Task description:
Starting at the first line of the listing below, repeat each line exactly until the line containing "ឧកញ៉ា ឃន ឈុនដារ៉ា", which you include. Leave out pictures.

Data segment:

^^^^^^^^

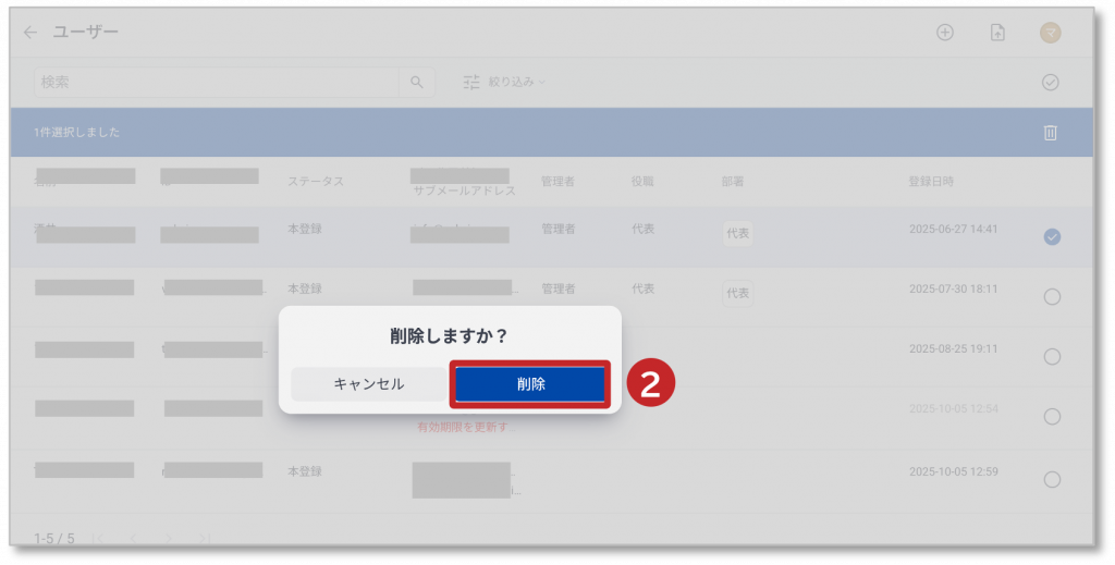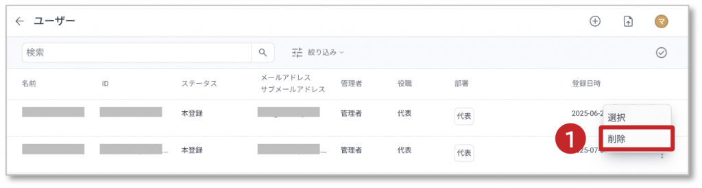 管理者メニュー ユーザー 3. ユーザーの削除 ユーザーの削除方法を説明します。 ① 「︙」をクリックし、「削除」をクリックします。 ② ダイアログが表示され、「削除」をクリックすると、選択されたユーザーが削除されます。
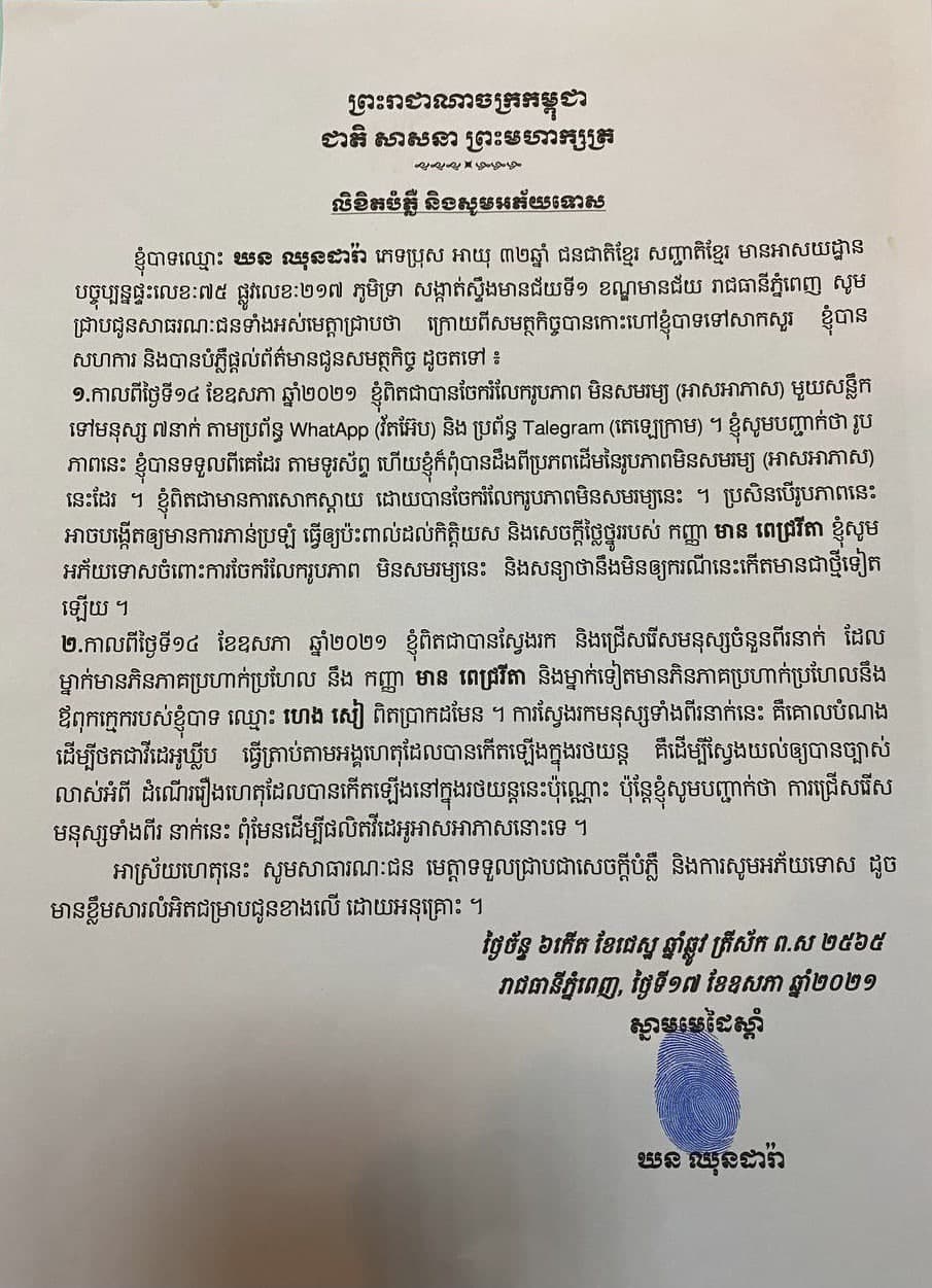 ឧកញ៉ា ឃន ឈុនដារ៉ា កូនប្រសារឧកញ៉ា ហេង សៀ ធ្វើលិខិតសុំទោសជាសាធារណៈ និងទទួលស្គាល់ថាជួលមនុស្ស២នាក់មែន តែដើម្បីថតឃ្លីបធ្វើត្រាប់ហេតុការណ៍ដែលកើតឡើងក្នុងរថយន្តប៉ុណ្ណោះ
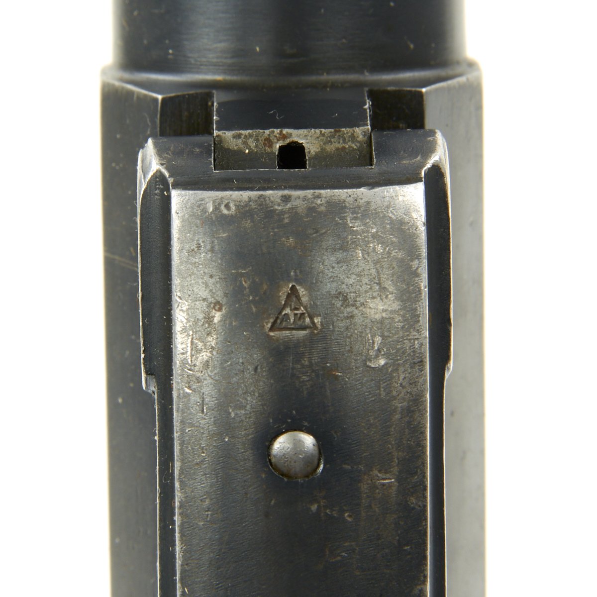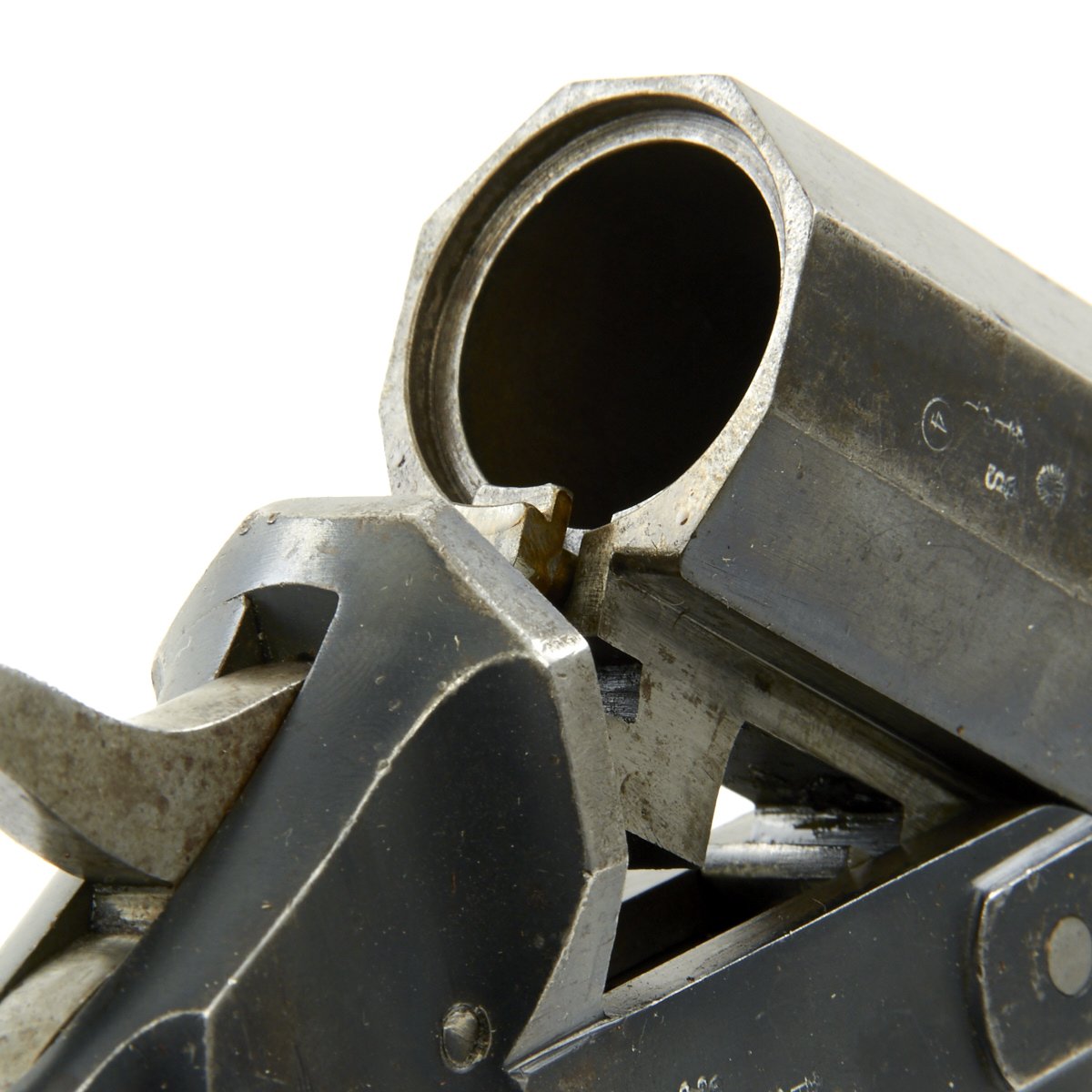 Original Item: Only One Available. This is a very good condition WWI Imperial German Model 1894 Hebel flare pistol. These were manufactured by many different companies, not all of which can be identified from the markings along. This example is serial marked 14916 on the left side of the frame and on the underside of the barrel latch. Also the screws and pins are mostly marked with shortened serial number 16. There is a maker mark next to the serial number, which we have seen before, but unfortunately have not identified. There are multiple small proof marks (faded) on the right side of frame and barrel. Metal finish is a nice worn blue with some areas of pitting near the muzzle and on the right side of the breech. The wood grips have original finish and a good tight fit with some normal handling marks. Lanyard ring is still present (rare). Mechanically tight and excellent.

^^^^^^^^

Completed exercise:
 管理者メニュー ユーザー 3. ユーザーの削除 ユーザーの削除方法を説明します。 ① 「︙」をクリックし、「削除」をクリックします。 ② ダイアログが表示され、「削除」をクリックすると、選択されたユーザーが削除されます。
 ឧកញ៉ា ឃន ឈុនដារ៉ា កូនប្រសារឧកញ៉ា ហេង សៀ ធ្វើលិខិតសុំទោសជាសាធារណៈ និងទទួលស្គាល់ថាជួលមនុស្ស២នាក់មែន តែដើម្បីថតឃ្លីបធ្វើត្រាប់ហេតុការណ៍ដែលកើតឡើងក្នុងរថយន្តប៉ុណ្ណោះ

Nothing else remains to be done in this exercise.